Available records Start Marker
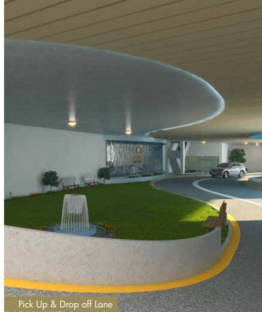
Pick Up & Drop off Lane
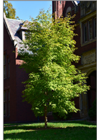
Three Flowered Maple
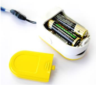
Figure 3. Batteries Installation

⚠Please take care when you insert the batteries for the improper insertion may damage the device.
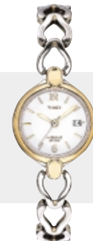
>new> T28372 7-53048-04825-0 ▪ QUICK-DATE® feature with Easy Reader® date ▪ Bi-metal bracelet

< With its detailing and design, Timex® fashion watches prove that dress watches do not have to be expensive.
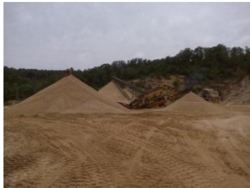
Southern Ohio Sand
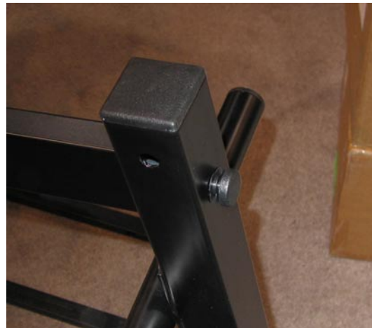
Insert the end caps, completing the frame.
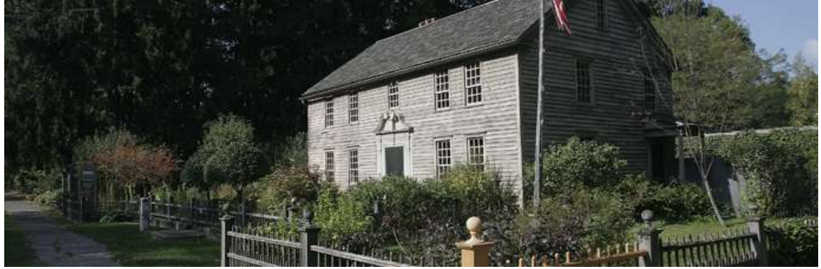
Sargeant's c.1742 Mission House, Stockbridge.

Meanwhile Mahicans from Stockbridge had been providing invaluable military service in the defense of British settlements. They garrisoned Fort Dummer (Vermont) to protect settlements in western New England against Abenaki raids during Grey Lock's War (1724-27). They also served as British scouts during the King George's War (1744-48), but their white neighbors grew increasingly hostile. Turning the other cheek as required by their new faith, the Stockbridge chose to not to retaliate for the unprovoked murder of a Mahican in 1753 by two whites, even when their punishment by a Massachusetts court was exceptionally lenient. At the outbreak of the French and Indian War in 1755, a war party from St. Francis came to Schaghticoke in August and took its people back to Canada with them. The defection of the Schaghticoke made the British suspect the loyalty of all of their native allies. Distrust increased when some of the Schaghticoke returned and killed five colonists near Stockbridge. Yet 45 Stockbridge warriors joined Major Robert Roger's Rangers in 1756. Because of them, Abenaki and Schaghticoke raiders avoided English settlements along the Housatonic. Rather than receiving gratitude, the Stockbridge found themselves increasingly unwelcome in New England.
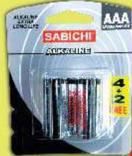
Sabichi Alkaline Batteries 4AA Free 2AA/ 4AAA Free 2AAA
Available records End Marker
» What is required: Set down again, word for word, every line from the one with "damage the device." to the one with "Insert the end caps, completing the frame." in the entries above, and omit the pictures.

» Task output:
⚠Please take care when you insert the batteries for the improper insertion may damage the device.
>new> T28372 7-53048-04825-0 ▪ QUICK-DATE® feature with Easy Reader® date ▪ Bi-metal bracelet

< With its detailing and design, Timex® fashion watches prove that dress watches do not have to be expensive.
Southern Ohio Sand
Insert the end caps, completing the frame.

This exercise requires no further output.